Directions for this task: If a line below falls between the line with "ヘアアイロンカールアイロンミ" and the line with "Pink Floral Gold Geometric Sandstone Coaster", or is one of those two, output it exactly; output nothing else and no pictures.

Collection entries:
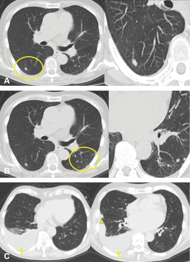 Síndrome hipereosinofílico. TCMD de tórax en plano axial (A, B) con zoom en zona de interés, que evidencia múltiples formaciones nodulares/nodulillares sólidas en ambos lóbulos inferiores (círculo) en contexto de paciente con diagnóstico clínico de síndrome hipereosinofílico. (C) Mismo paciente con otra intercurrencia, con derrame pleural (flecha) y engrosamientos pleurales focales y nodulares (cabeza de flecha).
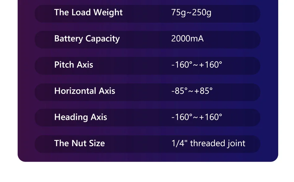 • Soporte de teléfono de mano 3 ejes :El soporte de teléfono de mano QAML F8 está diseñado con un diseño de 3 ejes, lo que garantiza una estabilización óptima para grabaciones de video sin oscilaciones.
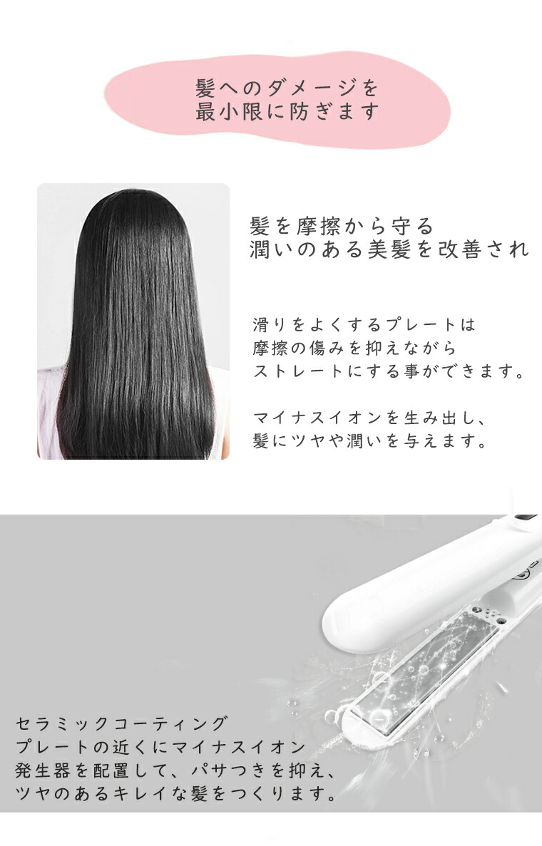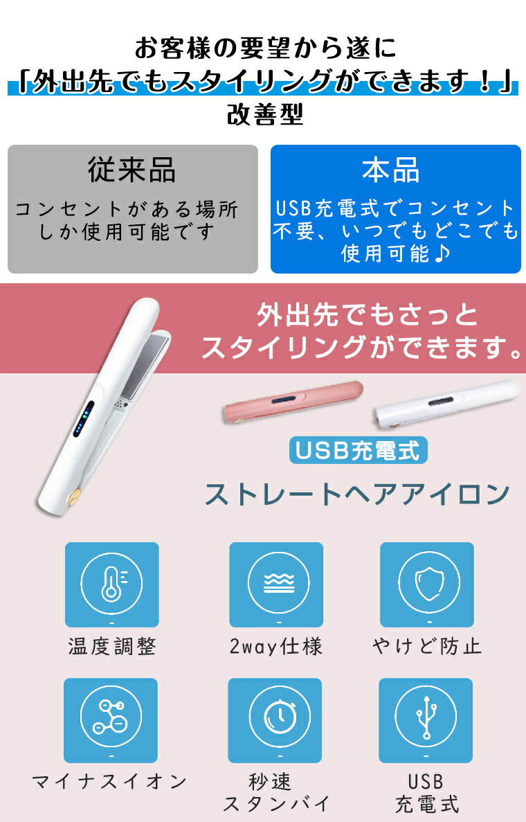 ヘアアイロンカールアイロンミニUSB充電式ストレートアイロン2wayやけど防止軽量カール軽いストレート旅行携帯用収納ポーチ持ち運びマイナスイオンギフト誤動作防止
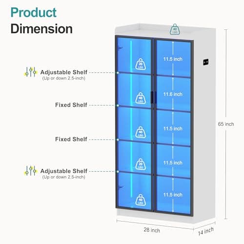 Lvifur 65" LED Display Cabinet with Lights for Living Room, 5 Tier Bookcase with Adjustable Shelves for Office, Tall Storage Cabinet with Human Body Induction for Collectibles (White)
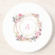 Pink Floral Gold Geometric Sandstone Coaster
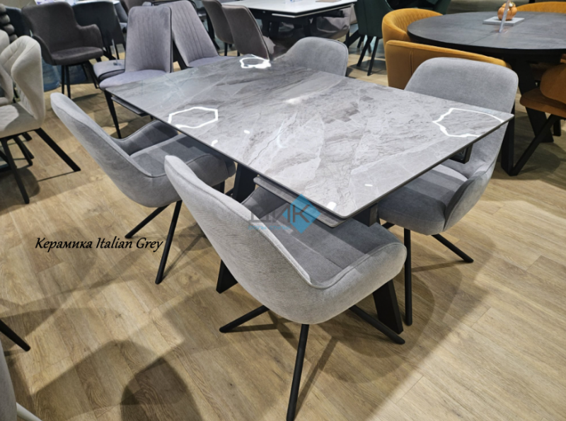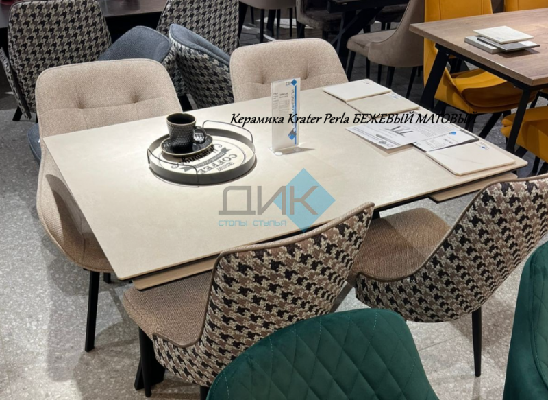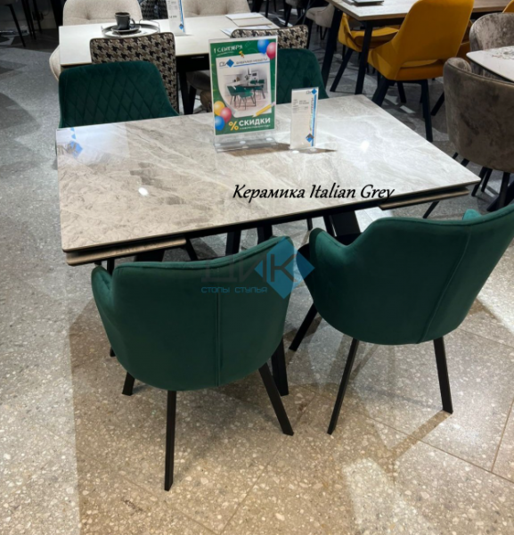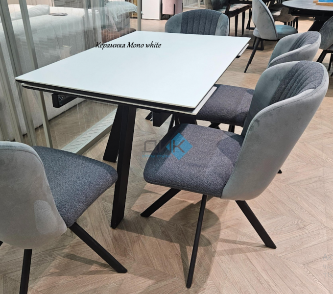 Стол с керамической столешницей - смотрится элегантно за счет тонких линий в конструкции подстолья и столешницы. Данная модель очень устойчива благодаря 4 опорам.
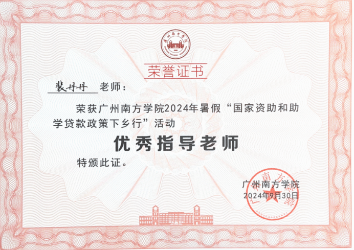 贝博官网裴丹丹老师获得2024年资助育人下乡行优秀校级奖项优秀指导老师奖
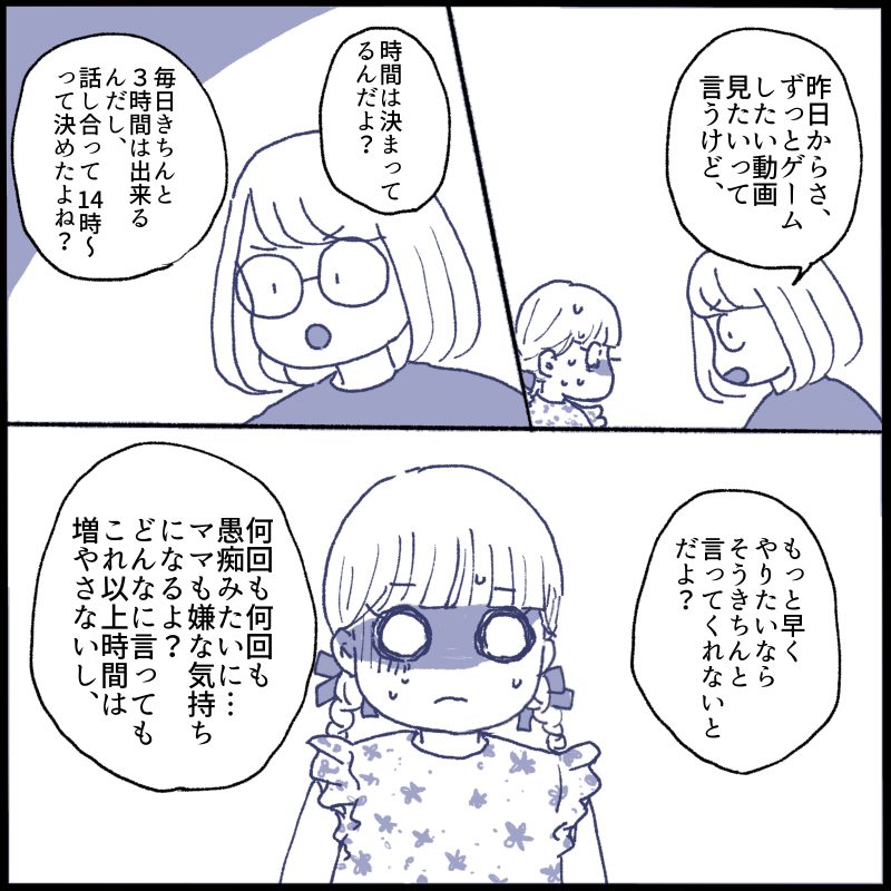 親としてはきちんと相談して話し合って時間も決めたのに(3時間と決めたのは私ですが何時にするかなどを話し合いました)何度も愚痴というか不満を聞いてると段々イライラとしてしまいました。
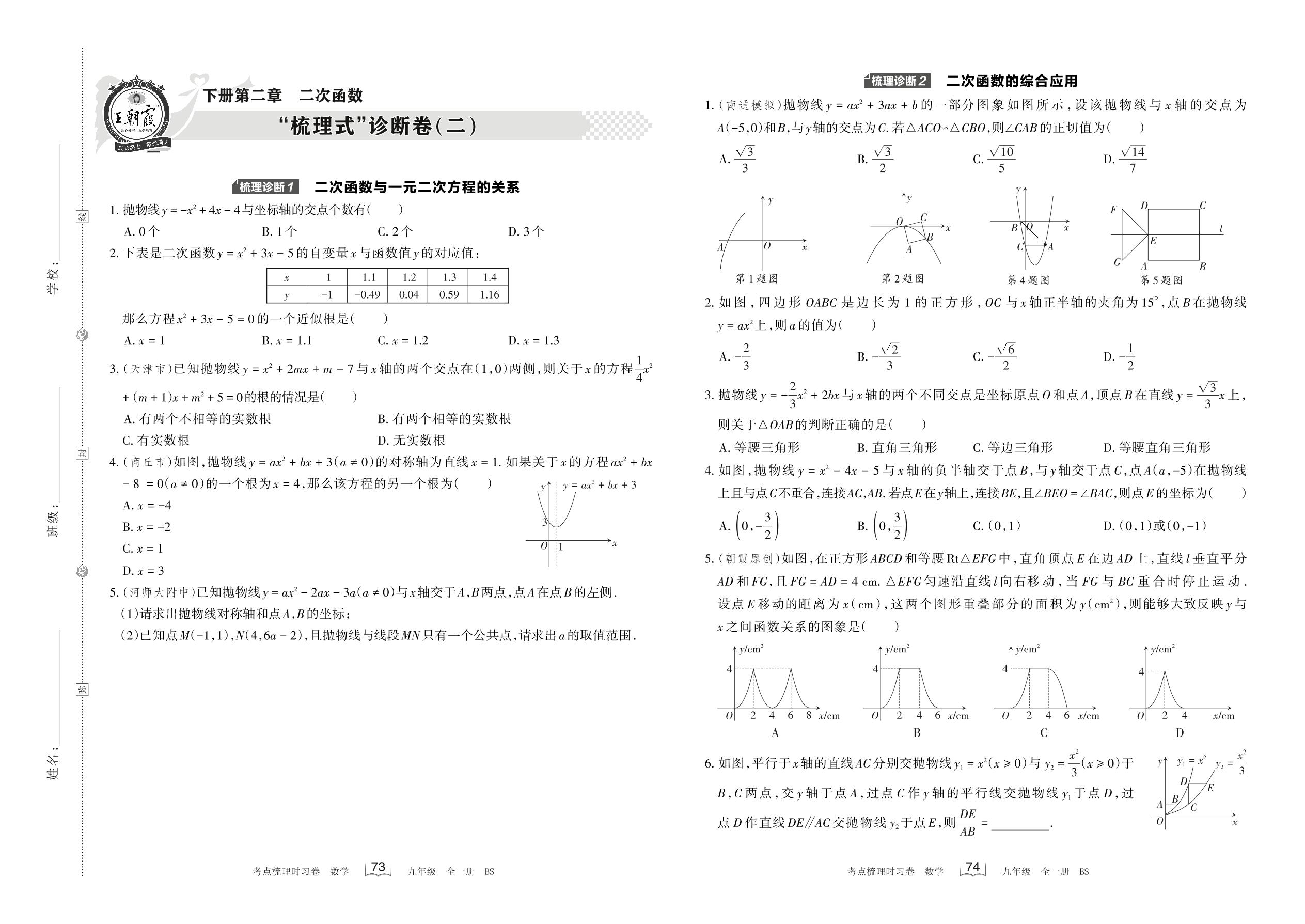 2023下册九年级数学北师版 第二章 “梳理式”诊断卷(二)

Worked solution:
 ヘアアイロンカールアイロンミニUSB充電式ストレートアイロン2wayやけど防止軽量カール軽いストレート旅行携帯用収納ポーチ持ち運びマイナスイオンギフト誤動作防止
 Lvifur 65" LED Display Cabinet with Lights for Living Room, 5 Tier Bookcase with Adjustable Shelves for Office, Tall Storage Cabinet with Human Body Induction for Collectibles (White)
 Pink Floral Gold Geometric Sandstone Coaster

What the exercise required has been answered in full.